Source: Index Mundi.

Alcoa's stock has so far made a strong comeback in 2012, rising a stunning 20.35%. The positive performance got even better today, as a bailout package for Greece was finally agreed upon. Investors had been worried that if conditions in Greece and the rest of Europe continued to worsen, the U.S. would also experience a slowdown. With its cyclical results highly dependent on GDP growth, Alcoa would be significantly hurt, as 20% of its business is in Europe and more than 50% is in the United States.

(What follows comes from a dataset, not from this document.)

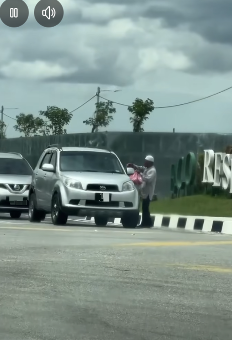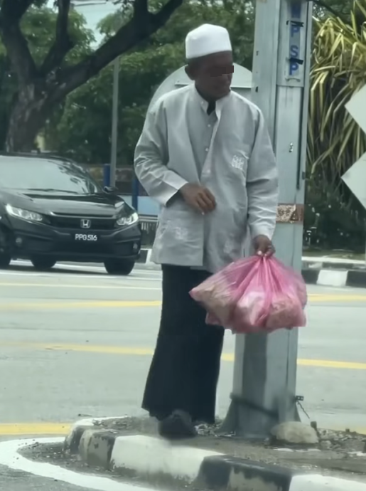 据悉,老伯每天都会在柏淡一间油站前的路口,提着沉甸甸的鱼饼,向经过的车主兜售。

Fears of a slowdown were lessened today, as were fears over Alcoa's business.

2. Chevron (NYS: CVX) was second behind Alcoa today, finishing up 1.64% [$1.75] to end the day at $108.41. Oil stocks rallied today along with oil prices as investors continue to worry about rising tensions with Iran. Brent crude, the international measure of oil prices, rose 1.6% to $121.66. Fool oil analyst David Lee Smith and I have been warning for months about a possible oil price spike in 2012 as Iran and Saudi Arabia vie for influence with the U.S. finally out of Iraq. We expect oil stocks will continue to rise with the price of oil.

3. Kraft (NYS: KFT) took third for the day, up 1.47% [$0.56] to end at $38.57. The company was one of four Dow components to report earnings today. Kraft met analyst expectations, with earnings per share excluding one-time items of $0.57. Revenue rose 6.6% to $14.7 billion, slightly below analyst expectations of $14.8 billion. Investors are excited by Kraft's plan to split the company in two, which should allow the market to fully appreciate the value of its faster-growing snacks business.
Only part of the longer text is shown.